A partir dos anos 60 diversos fatores contribuíram para mudanças significativas nas concepções e na conformação do mundo do trabalho, conforme teremos oportunidade de verificar com mais detalhes no próximo capítulo. Contudo, um dos fatores que certamente contribuíram para a permanência da idéia do trabalho assalariado como valor positivo, foi a ênfase que os movimentos feministas lhe deram como meio de liberação das mulheres, tendo-se verificado um significativo aumento da participação destas no mercado de trabalho a partir de meados do século XX. O trabalho assalariado, constituindo-se em meio de acesso das mulheres ao espaço público, à independência financeira, de realização

pessoal e ainda de superação da divisão sexual do trabalho doméstico, aparecia ainda como valor positivo, enquanto o processo de precarização já estava em curso. Não obstante as mudanças decorrentes desse aumento da participação de mulheres no mercado de trabalho, a divisão sexual do trabalho não pode ser considerada superada, ela apenas sofreu transformações. Enquanto o trabalho doméstico, “forma histórica particular do trabalho reprodutivo, inseparável da sociedade salarial” (Danièle KERGOAT, 2009:74), continua a ser de responsabilidade predominante das mulheres, a divisão sexual do trabalho atravessa também o tempo e o valor do trabalho assalariado das mulheres.

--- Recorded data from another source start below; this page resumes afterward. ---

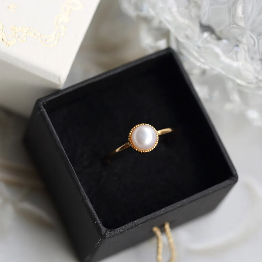 LAMOON натуральный пресноводный жемчуг 925 Серебряное кольцо для женщин в стиле ретро Обручальное кольцо 14K светильник позолоченные ювелирные украшения RI164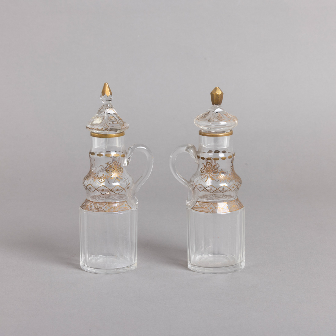 Em vidro facetado decoração a dourado "grinaldas e frisos geométricos". Sinais de uso, ínfimas esbeiçadelas e um pomo com aplicação em metal.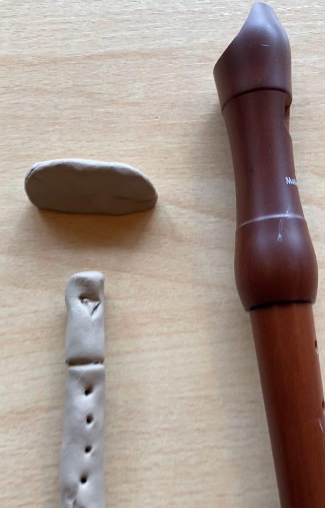 Vor den Ferien modellierten wir Blockflöten aus Modelliermasse, aus der garantiert kein Ton kommt. Warum nochmal?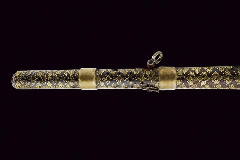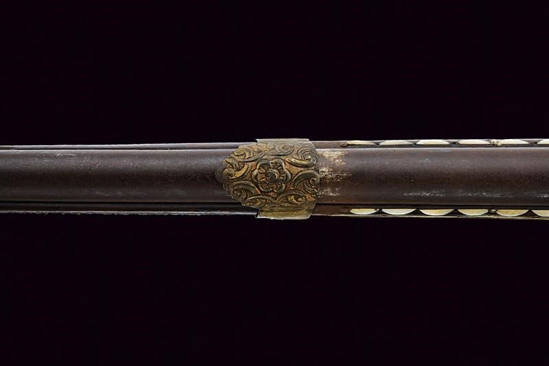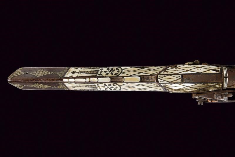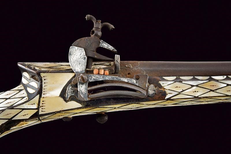 Bulgaria, lunghezza 95,5 cm. XIX Secolo Canna tonda liscia (accorciata), con culatta munita di alzo ben rilevato e argentato. In volata cal. 14 mm. Codolo con tracce di lamina in argento (quasi completamente mancante). Batteria alla micheletta con cane di tipica forma a dorso tondeggiante; anche questa recante resti di lamine in argento, incise a motivi floreali. Grilletto sferoide in ferro. Meccanica da rivedere. Cassa in legno (accorciata) con calcio a sezione pentagonale e sottile. Il segmento centrale riccamente ornato con tarsie in madreperla a rombi (in buona parte presenti) e parzialmente incise. Il collo sempre con tarsie in madreperla a rombi che poi assumono forme più elaborate e sono anche traforate. Il resto della cassa ornato per buona parte con il tipico decoro ad agemine in ottone a dischetti smaltati, anche questi conservati in buona parte. Il lato sinistro dotato di due passanti snodati. Bacchetta mancante.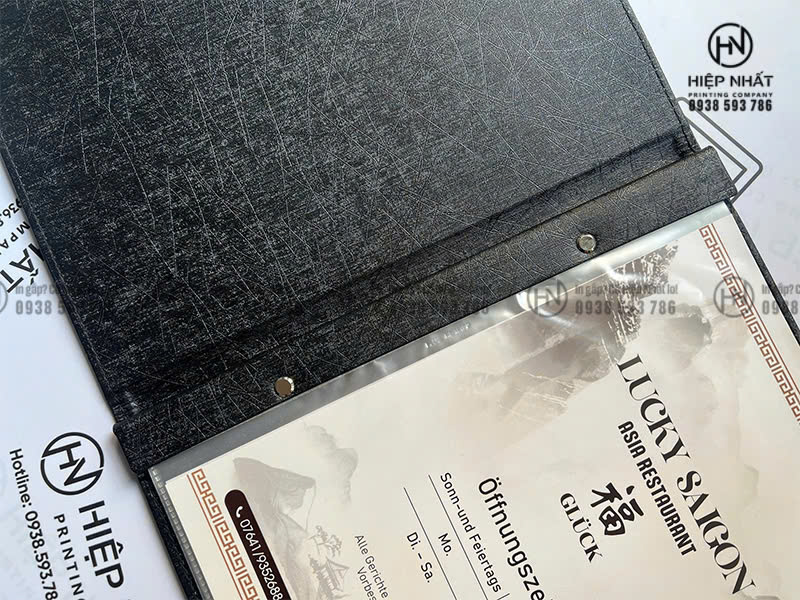 Mẫu menu bìa da gáy ốc trong vít ốc lá nhựa của Lucky Saigon Restaurant được In Hiệp Nhất in ấn theo yêu cầu, đáp ứng tốt nhu cầu sử dụng thực tế tại nhà hàng: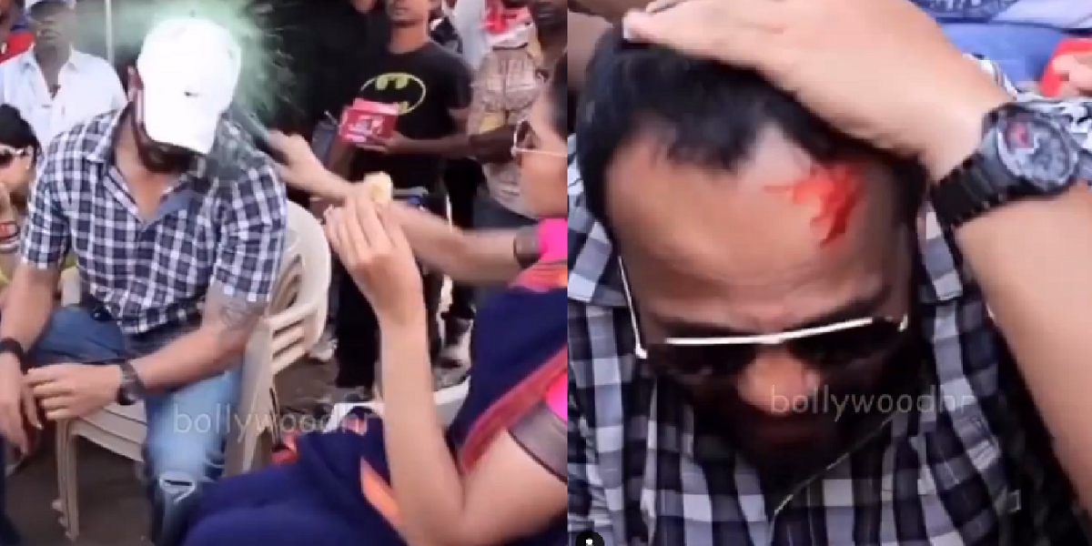 ایک ویڈیو میں ہم دیکھتے ہیں کہ اداکارہ نے ہدایت کار روہت شیٹی کے سر پر شیشے کی بوتل سے حملہ کیا اور ان کے سر سے خون بہنے لگا۔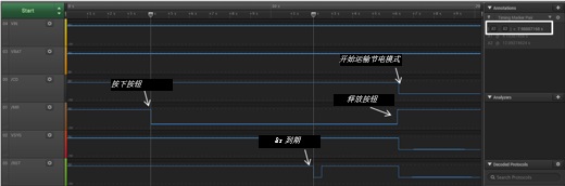 此外,要創建電源通斷按鈕,您仍然可使用/MR管腳,通過配置MRREC寄存器以進入運輸節電模式,并編程按鈕的持續時間,以確定需要保持低電平的時長;您剛剛創建了一個斷電按鈕。若要重新喚醒,請再次按下按鈕,如圖7所示。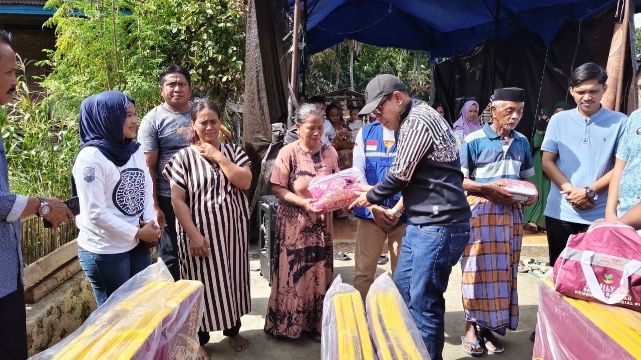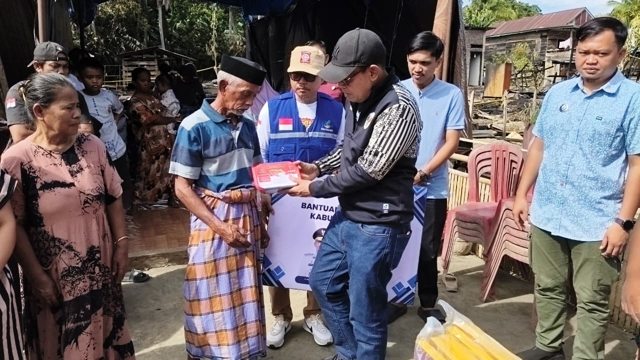 HumasBone – Wakil Bupati Bone, Dr. H. Andi Akmal Pasluddin, S.P., didampingi Camat Awangpone Andi Aidil Sammang, S.STP., M.Si., menyerahkan bantuan kepada warga korban kebakaran di Desa Carebbu, Kecamatan Awangpone, Kabupaten Bone, Jumat, 16 Januari 2025.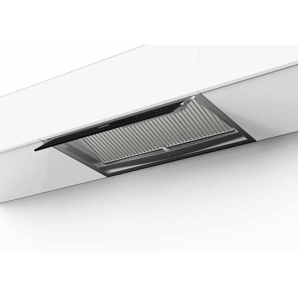 Увеличенная зона аспирации, наклонные жироулавливающие фильтры с направляющими, поддон для конденсата, увеличенный козырек из закаленного стекла, сенсор на стекле, таймер, LED,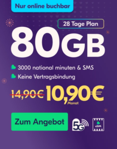 Bei Lycamobile gibt es für Nutzer, die ein hohes Datumvolumen im Inland benötigen, einen grandiosen Prepaid-Tarif mit 5G-Netz und keinerlei Vetragsbindung. Im Flash-Sale ist der National S 5G Tarif von Lycamobile mit 80 GB Datenvolumen im Inland und 23 GB EU-Roaming-Daten. Der Prepaid-Tarif kostet aktuell nur 10,90 Euro monatlich statt der bisherigen 14,90 Euro und ist monatlich kündbar oder läuft aus.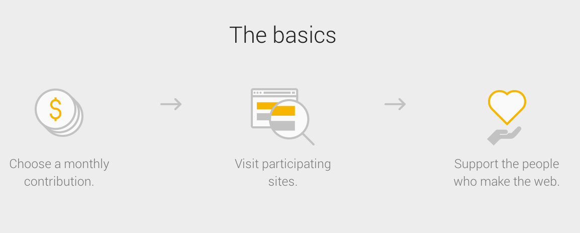L’utente potrà scegliere il contributo da 1 a 3 dollari da lasciare ogni mese e vedrà comparire sul proprio dispositivo un messaggio di ringraziamento da parte del sito partner, con un modello predefinito al posto del classico banner pubblicitario. Quindi si formerà una specie di finanziamento diretto tra l’utente ed il creatore di contenuti senza passare attraverso l’annuncio pubblicitario.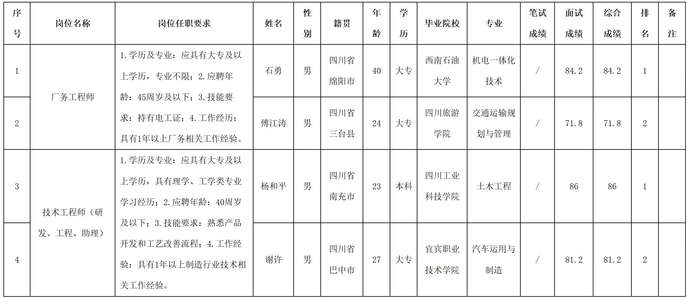 根據(jù)四川九州光電子技術(shù)有限公司發(fā)布的招聘公告及招聘相關(guān)規(guī)定,經(jīng)筆試、面試等程序,現(xiàn)將筆試(面試)成績予以公示。

Assim, o trabalho é histórica e culturalmente situado e é perpassado por representações sociais as mais diversas, as quais conferem e encontram sentido nas formas dominantes de divisão social do trabalho num determinado contexto. Quer se aborde o trabalho do ponto de vista do que representa o ato de trabalhar, do sentido, forma e conteúdo de que este se reveste, ou do ponto de vista do estatuto que tanto trabalho quanto trabalhador/a ocupam numa determinada sociedade este sempre engaja relações sociais – ele constitui “uma categoria pertinente de ordenamento e hierarquização” (LALLEMENT, 2007:28). Nesse sentido, tanto o lugar que o trabalho ocupa quanto o perfil dos sujeitos que a ele têm acesso ou são submetidos e as condições sob as quais ele se realiza nos falam de hierarquias socialmente estabelecidas, indicam, mas também podem definir o jogo de relações sociais conflitivas, nas quais se inserem também as religiões e as relações de gênero.